Sentenza Sentenza Cassazione Penale n. 10071 del 26/02/2016
Penale Ord. Sez. 7 Num. 10071 Anno 2016
Presidente: SANDRINI ENRICO GIUSEPPE
Relatore: CENTONZE ALESSANDRO
ORDINANZA
sul ricorso proposto da:
LO SCHIAVO MARCO N. IL 16/06/1974
avverso l’ordinanza n. 261/2014 TRIBUNALE di TERAMO, del
17/02/2015
dato avviso alle parti;
sentita la relazione fatta dal Consigliere Dott.
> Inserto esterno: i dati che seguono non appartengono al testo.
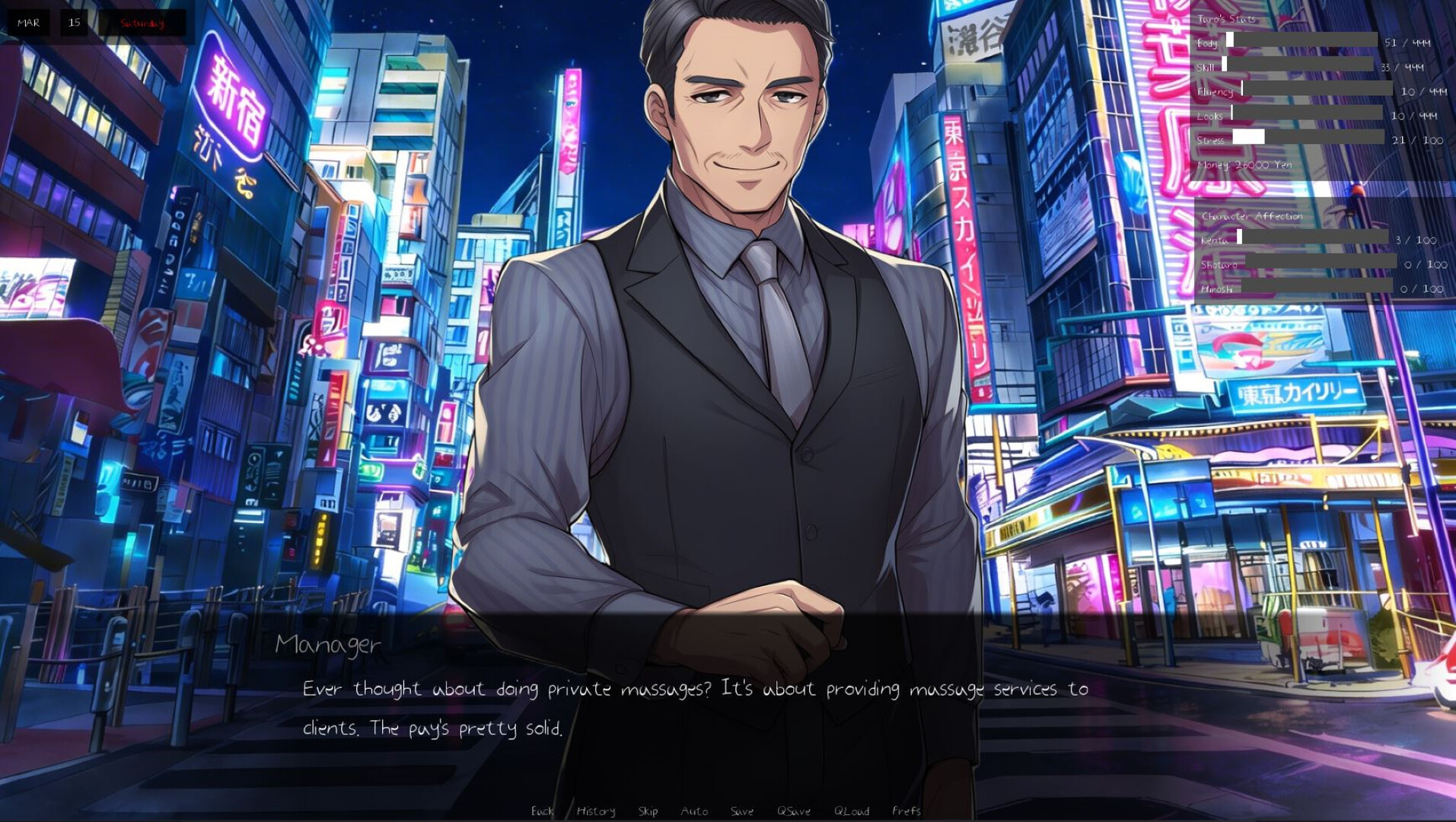 Work at a high-end private massage parlor or a gay karaoke bar, offering increasingly intimate services to wealthy clients. The pay is excellent — but rumors spread fast, and your love interests might not approve.

ALESSANDRO
CENTONZE;
Data Udienza: 26/02/2016
RILEVATO IN FATTO
Con l’ordinanza in epigrafe il Tribunale di Teramo, quale giudice
dell’esecuzione, rigettava la richiesta avanzata da Marco Loschiavo, finalizzata a
ottenere l’applicazione della disciplina della continuazione ai sensi dell’art. 671
cod. proc. pen., in relazione alle sei sentenze irrevocabili presupposte, ritenendo
ostative all’applicazione della continuazione invocata l’eterogeneità delle
condotte illecite commesse dal condannato, l’ampiezza dell’arco temporale
tossicod i pendenza .
Avverso questa ordinanza il Loschiavo ricorreva personalmente per
cassazione, deducendo violazione di legge e vizio di motivazione in relazione
all’omesso riconoscimento della continuazione in sede esecutiva, che si imponeva
tenuto conto della correlazione tipologica e temporale dei fatti illeciti valutati
dalle sentenze presupposte e della condizione di tossicodipendente del
ricorrente, attestata, in tempi diversi, dai SE.R.T. di Teramo e di Giulianova.
CONSIDERATO IN DIRITTO
Il ricorso è inammissibile, risultando fondato su motivi manifestamente
infondati.
Occorre, innanzitutto, esaminare le censure inerenti alla dedotta
continuazione, rilevando che il ricorso proposto nell’interesse del Lo Schiavo, più
che individuare singoli aspetti del provvedimento impugnato da sottoporre a
censura giurisdizionale, tende a provocare una nuova, non consentita,
valutazione delle circostanze di fatto già correttamente vagliate dal Tribunale di
Teramo.
L’ordinanza impugnata, invero, ha correttamente valutato il contenuto delle
condotte illecite presupposte, escludendo che tali reati si connotassero per
l’unitarietà del programma sottostante che non deve essere confuso con la
sussistenza di una concezione di vita improntata al crimine, anche tenuto conto
del fatto che le numerose attività illecite di cui si assumeva la continuazione
erano palesemente eterogenee e non riconducibili, neppure astrattamente, a una
preordinazione criminosa, tenuto conto dell’eterogeneità delle condotte
delittuose presupposte – tra l’altro comprendenti i reati di furto, invasione di
edifici, spaccio di sostanze stupefacenti – e dell’ampiezza dell’arco temporale
pluriennale considerato, compreso tra il 2005 e il 2010.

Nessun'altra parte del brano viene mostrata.